Furtado cumpriu dez anos em regime fechado, ganhou direito ao semiaberto (saía para trabalhar, com autorização da Justiça e voltava para dormir na prisão), mas não voltou naquele dia ao Centro de Progressão Penitenciária de Belém (CPPB).
Desde então, a Polícia Civil do Pará está fazendo diligências para recapturá-lo.
A advogada Celina Hamoy, que acompanhou a família de Marielma à época do crime, lamenta que Furtado esteja solto. Por outro lado, diz que a falha é do sistema penal brasileiro, que não controla de modo eficiente o retorno à cadeia de quem está no regime semiaberto.
Saída temporária
Também condenada pela morte de Marielma, com uma pena de 33 anos de prisão, Roberta Sandreli Monteiro, ganhou direito a uma saída temporária da prisão em agosto de 2015, pelo Dia dos Pais. Também não retornou no prazo previsto pela Justiça.

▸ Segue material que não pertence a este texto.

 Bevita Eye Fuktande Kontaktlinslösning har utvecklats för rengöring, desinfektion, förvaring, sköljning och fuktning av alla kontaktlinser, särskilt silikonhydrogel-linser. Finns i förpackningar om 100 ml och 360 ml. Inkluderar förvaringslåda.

Foi recapturada este ano e voltou para o regime fechado no Centro de Recuperação Feminino (CRF) da Susipe (Superintentência do Sistema Penitenciário) do Pará, em Ananindeua.
A Susipe informou que, em 2015, a Justiça autorizou a saída temporária de 5.206 detentos no Pará em datas especiais, como Natal ou Dia dos Pais. Destes, 4.617 retornaram e 589 (11,3%) não retornaram no período determinado, passando a ser considerados foragidos.

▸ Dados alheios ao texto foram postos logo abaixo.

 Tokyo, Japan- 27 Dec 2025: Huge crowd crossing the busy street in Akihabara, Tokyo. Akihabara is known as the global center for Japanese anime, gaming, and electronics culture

No Pará, a Justiça garante aos detentos que cumprem pena no regime semiaberto o direito a cinco saídas temporárias no ano.
A Susipe não possui dados sobre quantos dos 589 já retornaram espontaneamente ou foram recapturados, mas destaca que não necessariamente todos continuam foragidos. A população carcerária do Pará é formada hoje por 13.836 detentos.
O Departamento Penitenciário Nacional, órgão do Ministério da Justiça, informou não dispor de dados nacionais sobre fugas. O Brasil tem hoje uma população carcerária de 622.202 pessoas, sendo que 16% cumprem pena em regime semiaberto.
Combate ao trabalho infantil
O caso de Marielma tornou-se símbolo da luta contra o trabalho infantil doméstico, uma prática que o país ainda tolera e que só costuma punir com severidade quando alcança extremos como tortura, estupro e morte.
Marielma foi "dada" pela mãe, uma agricultora da cidade de Vigia, no litoral paraense, para trabalhar na casa de Furtado e Rolim, em Belém.
"Marielma cuidaria do bebê do casal. Em troca, teria escola, roupa, comida, e a família receberia uma cesta básica mensal. Mas nada disso aconteceu", conta Hamoy.
Marielma foi seguidamente torturada e espancada pelo casal, até ser encontrada morta em novembro de 2005. Um laudo médico apontou costelas quebradas, rins e pulmões perfurados, além de cortes e queimaduras. O exame também indicou sêmen no corpo da menina, indício de violência sexual.
A defesa dos patrões alegou à época que Marielma havia molestado a filha deles, de um ano. Exames no bebê descartaram essa tese.
Em Belém, uma lei municipal promulgada em 2009 transformou o dia 12 de novembro, data da morte de Marielma, em Dia Municipal do Combate à Exploração da Mão de Obra Infantil.